Yes, I am single. My relationship status can be checked off in a defined box. But I am also a girl, an aspiring chossid, a writer, a poet, a youthful soul, an explorer, a giver, an intellectual, a fact-collector, a mashpia, a teacher, and a student.
I have a beautiful life and I am surrounded by beautiful people.
Single days are not something to rush through impatiently. That single period is not one of those dreaded in-between stages. It cannot be compared to being in-between floors on an elevator or sitting in traffic on the way to work. It is the long scenic route. It is an amazing, exhausting hike.
My life will not begin when I get married. My life has already commenced wonderfully. This IS my life. G-d is gifting each single day to me for a reason.
And when you say Im Yirtza Hashem by You, I will nod in assent, because – yes, if G-d decides I’m ready, I would love to change my relationship status on facebook.
And I will wish you Mazel Tov at your l’chaim. Because I am truly, truly happy for you for having an exciting day and reaching an exciting milestone and taking another exciting step in G-d’s Divine plan of your life. And I will gaze upon your joy and only wish you gallons more of it.
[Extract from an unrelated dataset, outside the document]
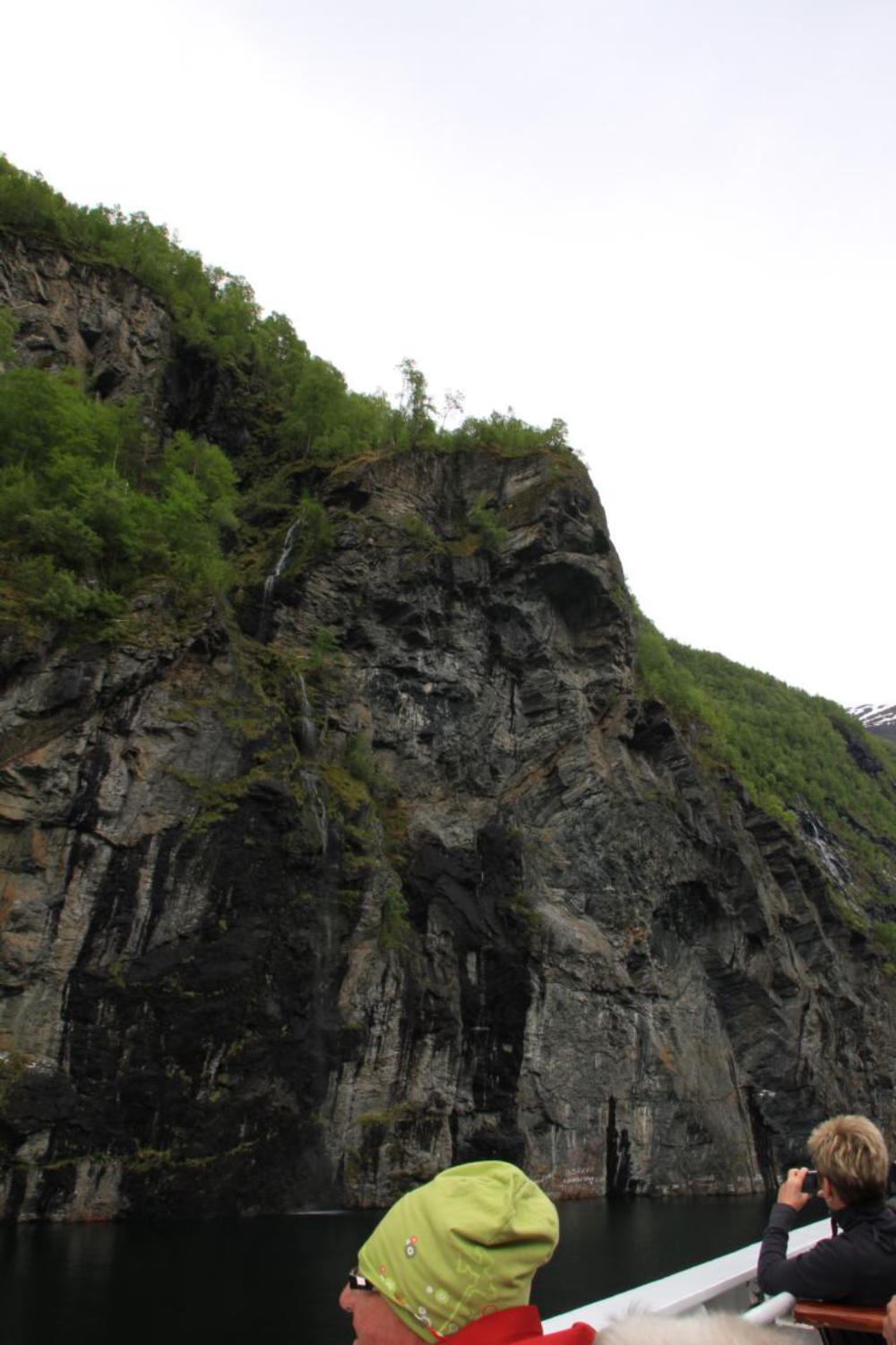 Die Einfahrt in den nur 16 km langen Geirangerfjord ist sehr beeindruckend. Schroff abfallende Felsen, Wasserfälle und atemberaubende Natur lässt uns erkennen, wie klein wir doch sind.

And then, I will wish myself Mazel Tov for the same things. I, too, have had an exciting day and have reached an exciting milestone (hey, I lost .5 lbs!) and have taken another exciting step in G-d’s plan of my life. I too, have a lot to look forward to and am commencing a wonderful journey.
So Mazel Tov, Mazel Tov! Because every one of us has so much to be grateful for and could all use a little mazel. May we all find what we are looking for, but on the way there, be able to truly enjoy and utilize the trip.